Data below
|---|
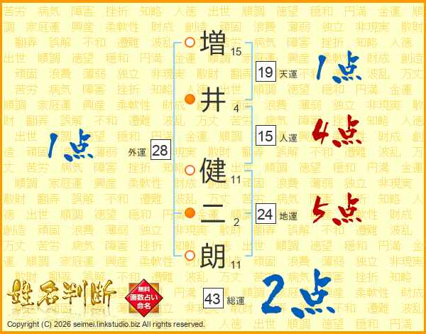 増(15画)井(4画) 健(11画)二(2画)朗(11画)
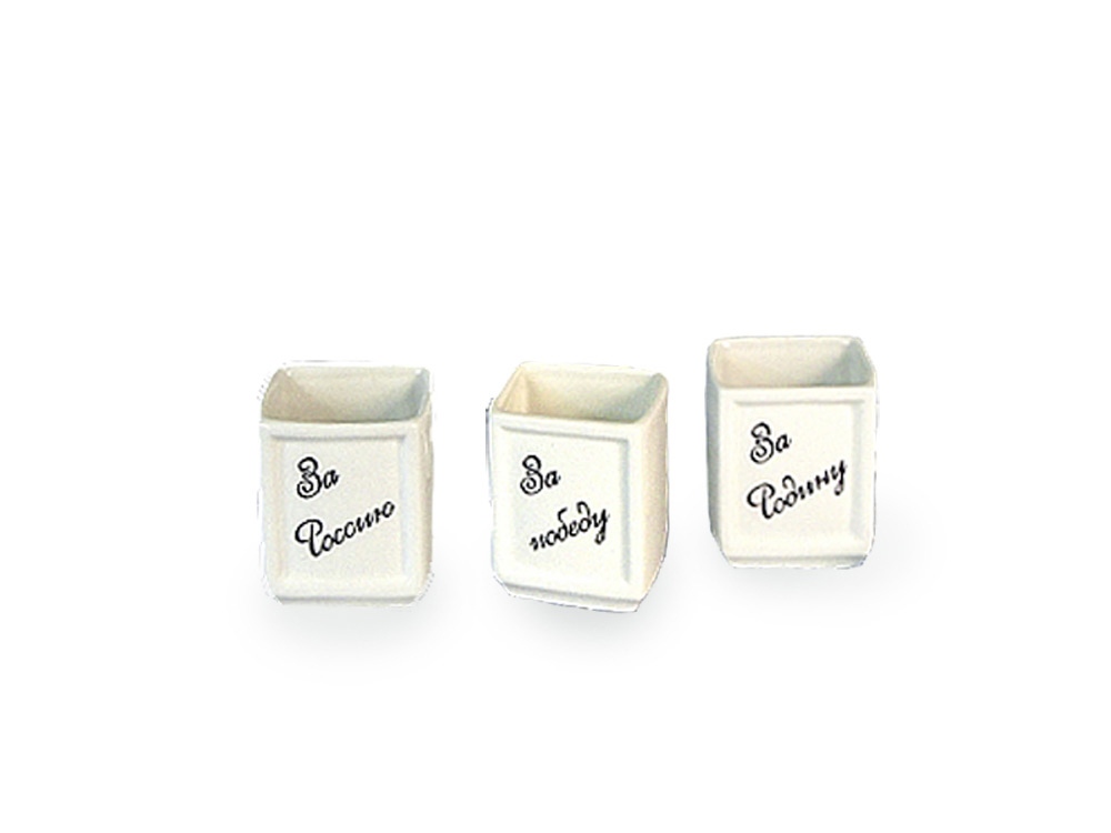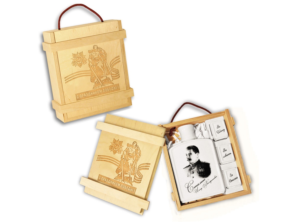 Набор упакован в деревянную коробку “С Праздником Победы” с изображением главных символов праздника. Подарочный набор состоит из штофы с изображением генералиссимуса И. В. Сталина и трех рюмок с патриотическими тостами “За Сталина”, “За Родину”, “За совесть”. Все сувениры выполнены из высококачественной керамики, поэтому они еще долго будут служить и радовать глаз. Этот подарочный набор станет прекрасным дополнением к праздничному столу.
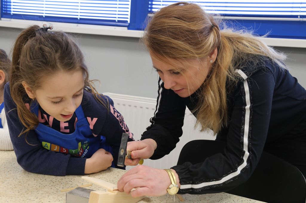15 stycznia klasa I, wraz z opiekunami: p. Marzeną Adamską i p. Olimpią Kowal-Gadecką, udała się do zgorzeleckiej Castoramy na warsztaty „Majsterkowo”. Pod czujnym okiem pana Marcina uczniowie pracowali z drewnem. Każdy mógł sobie wybrać zabawke, którą będzie tworzył. Po otrzymaniu elementów dzieci przystąpiły do pracy, efektem której były piękne samoloty i kołyski.
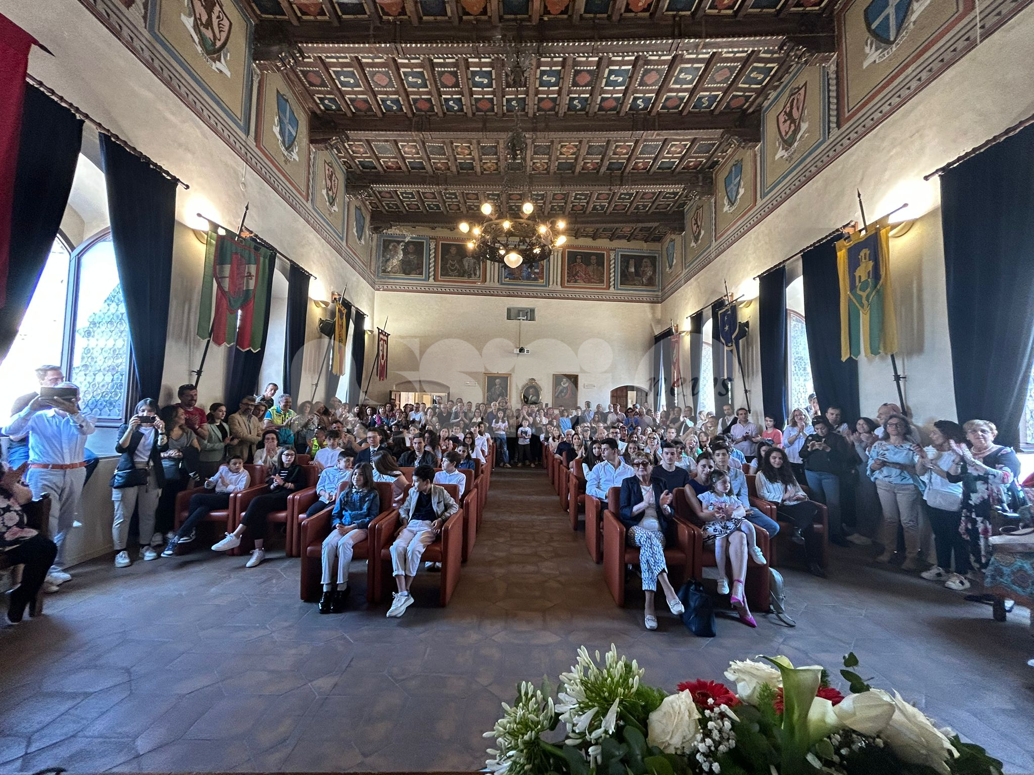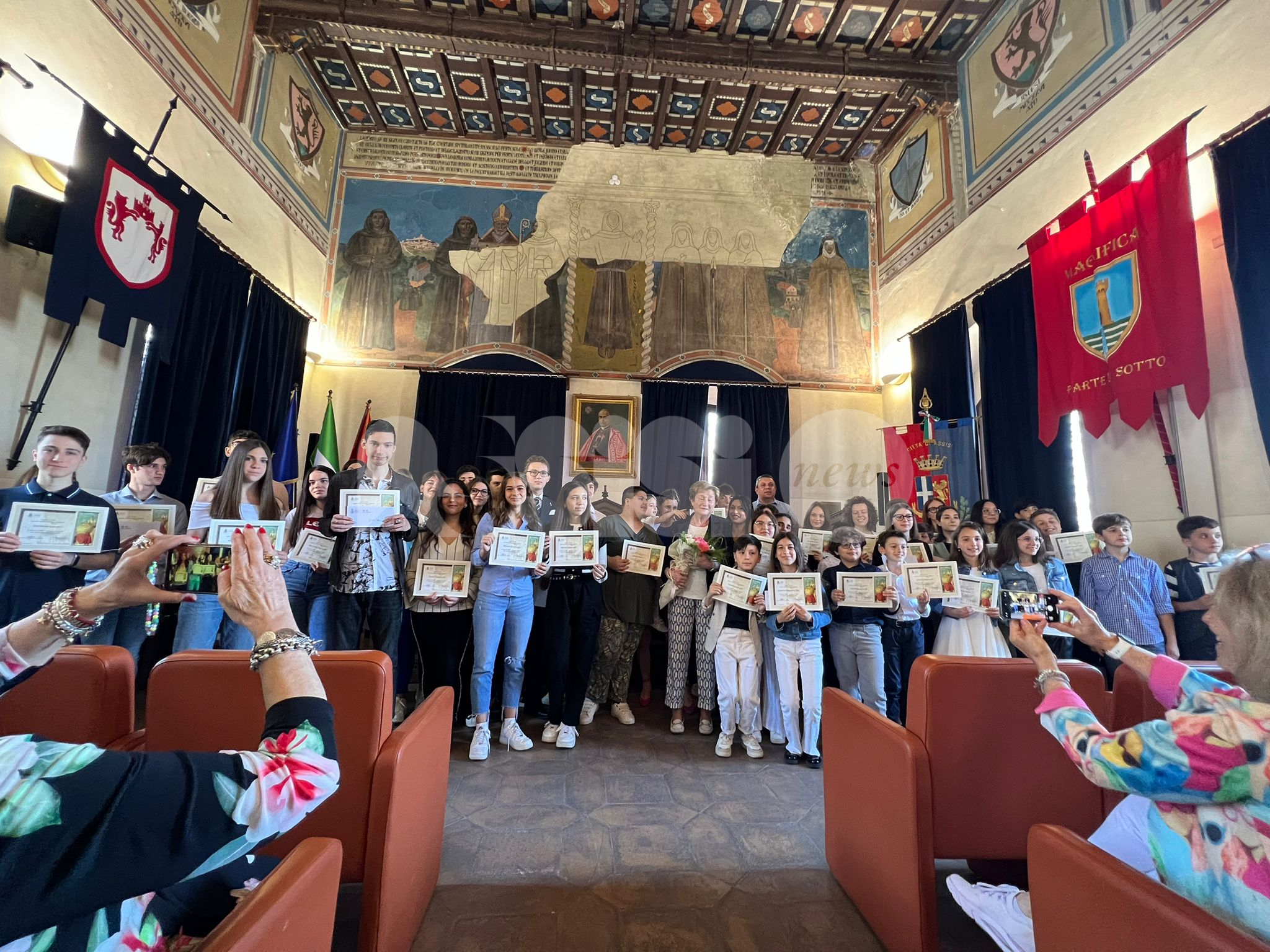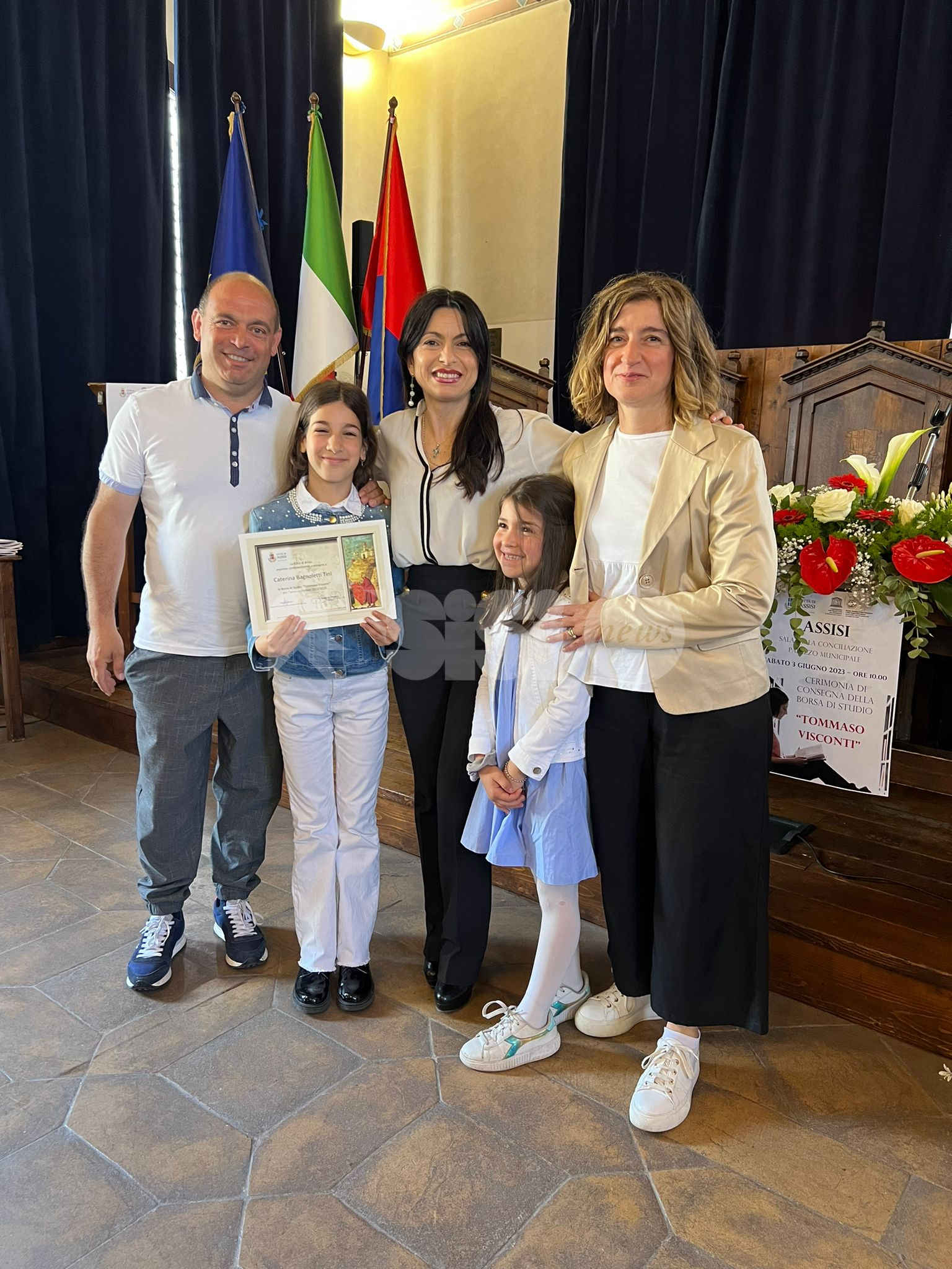 In una Sala della Conciliazione stracolma di gente sono state assegnate le 45 borse di studio intitolate all’ex assessore Tommaso Visconti, erogate dal Comune di Assisi per un valore di 10 mila euro. Un appuntamento importante per gli studenti delle scuole primarie e secondarie di I e II grado e in particolare per i 45 ragazzi e ragazze che si sono distinti non solo per il rendimento scolastico ma anche per la buona capacità di relazione, il sentimento di solidarietà e il rispetto dell’ambiente e delle regole di convivenza democratica. Alla cerimonia di consegna delle borse di studio Visconti 2023 erano presenti la moglie dell’ex assessore Rosella Pampanoni Visconti e la figlia, il sindaco Stefania Proietti, il presidente del consiglio comunale Donatella Casciarri, il consigliere comunale Paola Vitali e il consigliere regionale Stefano Pastorelli.
|---|
Problem description
Go through the listing above and retype each line exactly, apart from the pictures.

Exercise response
 増(15画)井(4画) 健(11画)二(2画)朗(11画)
 Набор упакован в деревянную коробку “С Праздником Победы” с изображением главных символов праздника. Подарочный набор состоит из штофы с изображением генералиссимуса И. В. Сталина и трех рюмок с патриотическими тостами “За Сталина”, “За Родину”, “За совесть”. Все сувениры выполнены из высококачественной керамики, поэтому они еще долго будут служить и радовать глаз. Этот подарочный набор станет прекрасным дополнением к праздничному столу.
15 stycznia klasa I, wraz z opiekunami: p. Marzeną Adamską i p. Olimpią Kowal-Gadecką, udała się do zgorzeleckiej Castoramy na warsztaty „Majsterkowo”. Pod czujnym okiem pana Marcina uczniowie pracowali z drewnem. Każdy mógł sobie wybrać zabawke, którą będzie tworzył. Po otrzymaniu elementów dzieci przystąpiły do pracy, efektem której były piękne samoloty i kołyski.
 In una Sala della Conciliazione stracolma di gente sono state assegnate le 45 borse di studio intitolate all’ex assessore Tommaso Visconti, erogate dal Comune di Assisi per un valore di 10 mila euro. Un appuntamento importante per gli studenti delle scuole primarie e secondarie di I e II grado e in particolare per i 45 ragazzi e ragazze che si sono distinti non solo per il rendimento scolastico ma anche per la buona capacità di relazione, il sentimento di solidarietà e il rispetto dell’ambiente e delle regole di convivenza democratica. Alla cerimonia di consegna delle borse di studio Visconti 2023 erano presenti la moglie dell’ex assessore Rosella Pampanoni Visconti e la figlia, il sindaco Stefania Proietti, il presidente del consiglio comunale Donatella Casciarri, il consigliere comunale Paola Vitali e il consigliere regionale Stefano Pastorelli.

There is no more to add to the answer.